A lifetime spent moving house, teaching and travelling across the globe has been the inspiration for a first-time Hawick author.
Anne Prentice lives near Denholm, but drew on her experiences living on four continents for her debut, Born Under a Wandering Star.
Anne’s peripatetic lifestyle was sparked, she says, by marrying into the Navy.
She met her husband, John, when they met across the Atlantic.
“He was on a ship that came in to Jamaica while I was there teaching,” she said. “He still sails, in fact, he’s off for two or three weeks at the moment, in the Scottish Islands.”
But there was also a family tradition of travel, especially, Anne says, among her female ancestors, who “were the type who were just getting on with it.”

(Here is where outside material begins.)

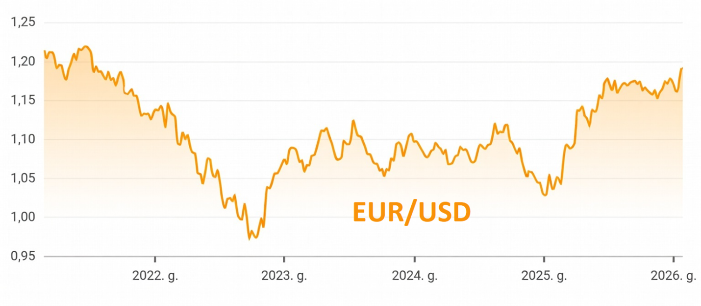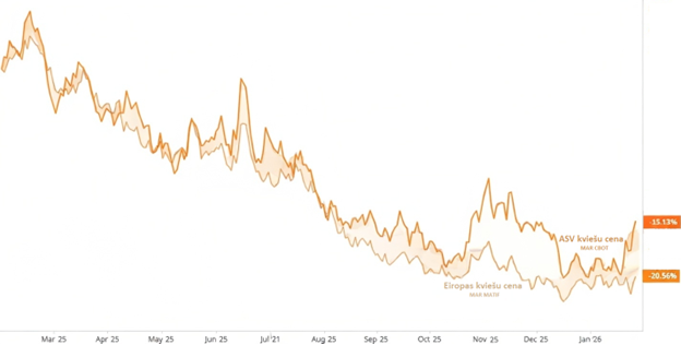 Dolāra vājums stiprina ASV lauksaimnieku konkurētspēju un vājina to Eiropā. Eiro vērtība turas pie daudzu gadu rekorda – 1,20 atzīmes. Piemēram, ja 12,5% proteīna cena dolāra telpā ir 224 USD/t, tad 2026. gada janvārī, konvertējot pie 1,20 kursa, cena ir 186,67 EUR/t. Savukārt, tādu pašu cenu konvertējot pēc 1,04 kursa 2025. gada februārī, gala cena sasniedz 215,38 EUR/t. Čikāgas biržā tirgoto MAR CBOT kviešu vērtība konvertēta uz eiro telpu pēc šī brīža kursa – 165 EUR/t. Ja vājš dolārs ir apzināta ASV politika, lai kāpinātu savu eksportētāju konkurētspēju, tad šī problēma varētu saglabāties ilgākā termiņā.
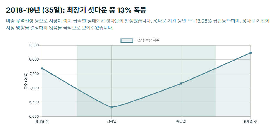 - 맥락: 이 셧다운은 시장이 이미 극심한 약세장(미중 무역 전쟁, Fed의 급격한 금리 인상 공포)을 겪으며 나스닥이 연초 대비 8%가량 하락했던 시점 에 발생했습니다.

“I was born and bred in the kind of family that would travel.
“There were seven generations of them that grew up in Fife, the recruiting ground for the Highland Light Infantry.
“They had been involved in the army, especially in the Indian Raj, for many years, so I think it was in the blood.

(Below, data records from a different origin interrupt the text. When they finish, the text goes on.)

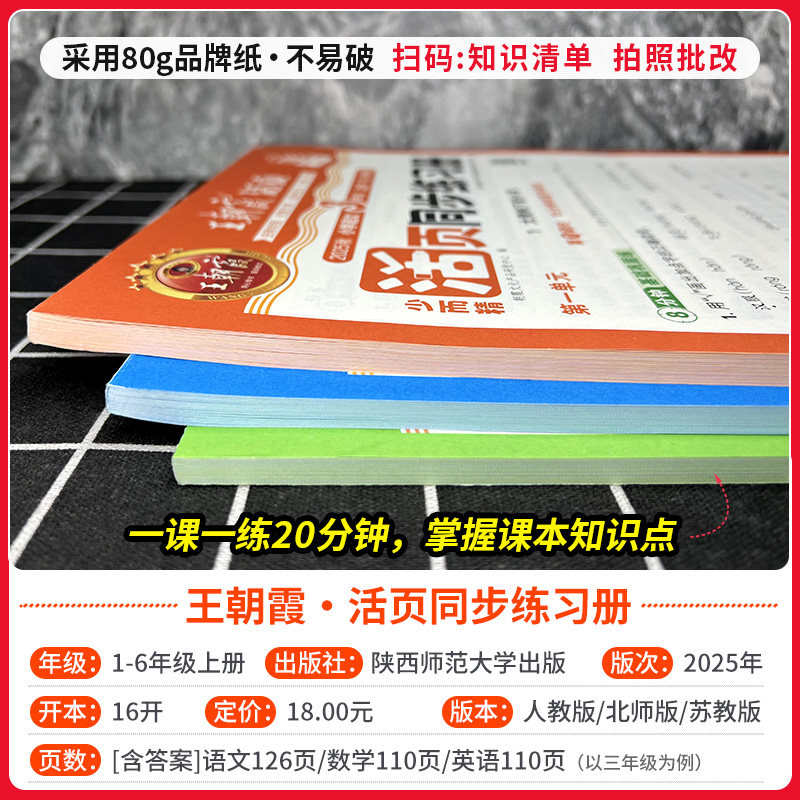 天猫2025秋王朝霞活页同步练习册小学一二三四五六年级上册语文英语数学人教版北师苏教课时训练作业课本同步练习一课一练综合练习题
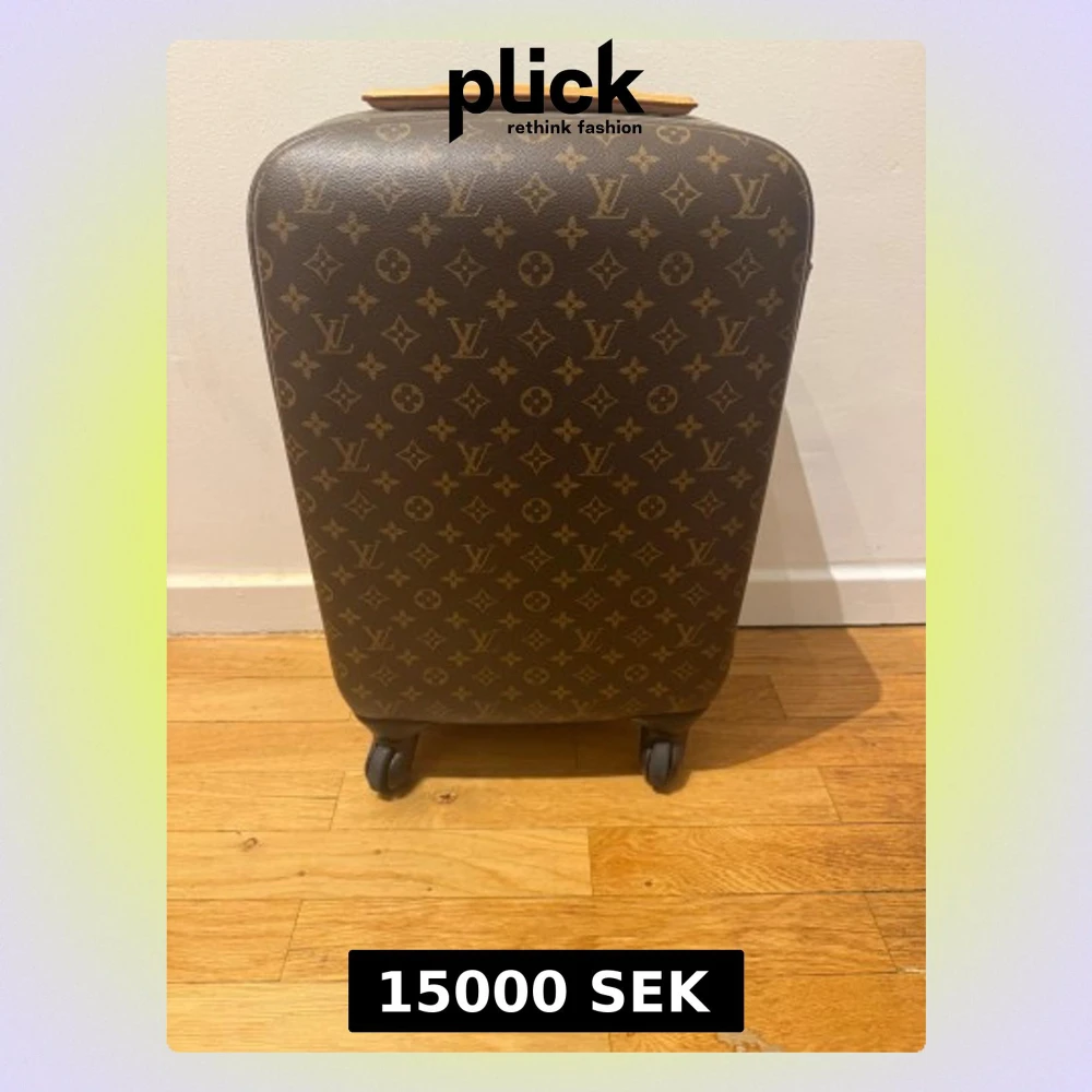 Snygg resväska från Louis Vuitton med klassiskt monogrammönster i brunt och beige. Väskan har fyra hjul, dragkedja och ett handtag i läder. Perfekt storlek för weekendresor och sticker ut med sin lyxiga design.
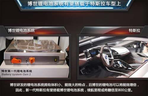 由于特斯拉Model S汽車的熱銷,使特斯拉對鋰電池的需求達到了一個驚人的程度,未來想要保持穩定發展,就必須想辦法解決鋰電池供應量緊張的問題。博世研發的鋰電池系統擁有體積小、能效大的特點,且博世的鋰電池可以將能效增倍,因此,新一代特斯拉有望搭載博世鋰電池系統,續航里程或將翻倍至800公里。
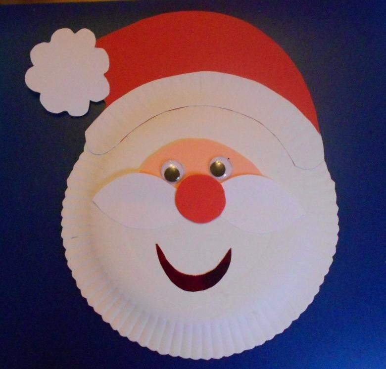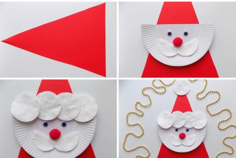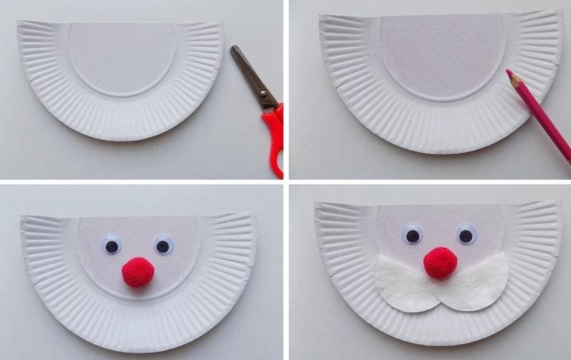 Много е лесно да направите Дядо Коледа от бяла чиния за еднократна употреба. Необходимо е да се изрежат от цветна хартия необходимите елементи като мустаци, усмивка, очи, червена шапка с бял помпон. Трябва да обърнете внимание и на създаването на малък бежов полукръг, който ще бъде лицето на героя.
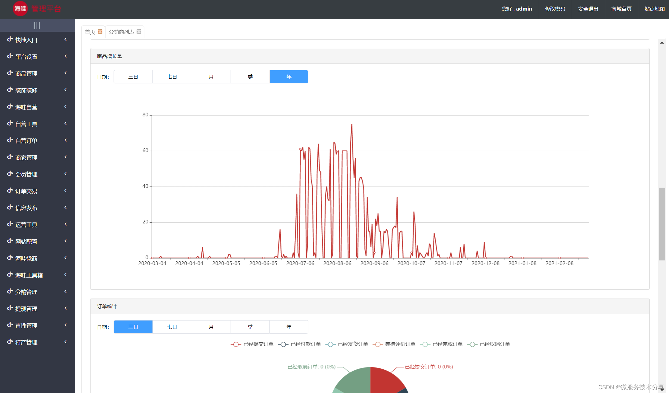 平台管理、商家端(PC端、手机端)、买家平台(H5/公众号、小程序、APP端(IOS/Android)、微服务平台(业务服务)
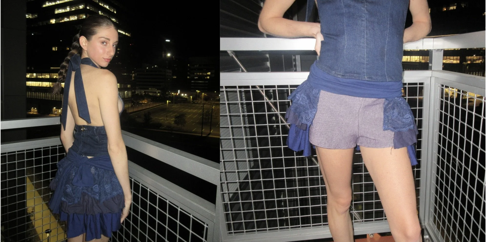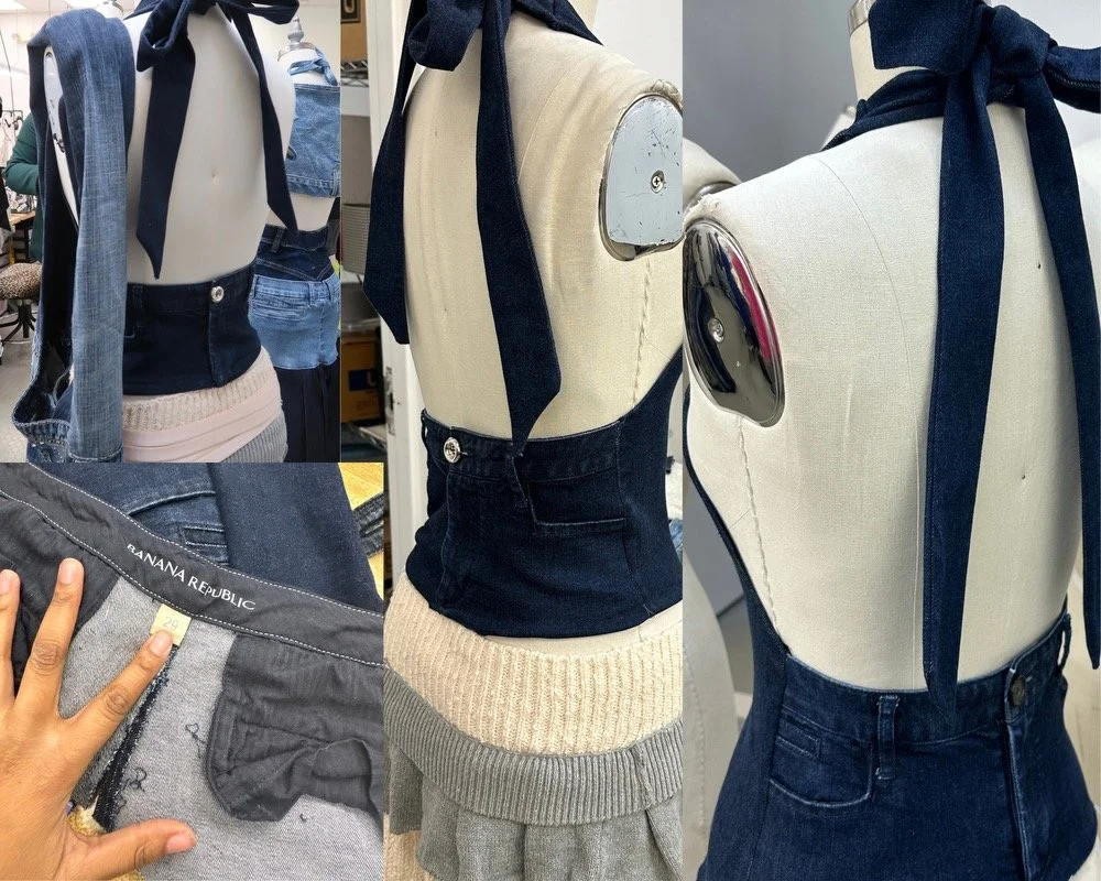 Denim bralette made from vintage pair of jeans with beads and trim I sewed on making it its own textile

“I come from that kind of woman who was always travelling and packing and unpacking, while the men, engineers mainly, were building reservoirs and dams and so forth.
“There was a culture to it, and it was very interesting to me, so I thought that I would pursue it.”
That culture led to Anne living and working in places like Algeria, Kenya, Pakistan, Tanzania and Turkey before returning to Scotland and making a home near Denholm.
Looking back, she said: “Of course, what strikes me now is that many of those places, those countries, are very closed to Westerners now.
“And even when they’re not closed off, they are very different. I haven’t been to India since...oh, I don’t know 1980, and even then it was only getting stuck in the Dehli airport because I was on my way to Australia and I didn’t have a visa. But things change,and there are experiences in these places that aren’t available anymore.”
Those experiences often revolved around water, as might be expected with Anne’s Navy husband, but also around Anne’s teaching career.
For instance, not many people would go to the effort to take a boat to Victoria Falls.
Why? Anne explains: “Well, the falls are 900m inland, and 3-4,000 feet above sea level, so if you want to do what we did, you have to put the boat on a train to get it to where you want to sail!”
While in Africa, Anne concentrated a lot of her efforts into educating people about water safety.
“I saw the kids there, and they could swim like trout,” she says, “but there were other people who were drowning in the reservoirs to the dams that were being built and rivers and other places, so I decided - in some very bad Swahili that the children, the Girl Guides and Boy Scouts, taught me - to teach them, because I had done Royal Lifesaving Society exams and so on. I don’t know if there was a favourite place that I lived, but I will always remember Tanzania for that.”
Anne’s book is out now from Austin Macauley Publishers.
It is available directly from their website, as well as WHSmith, Waterstones, Amazon and Foyles.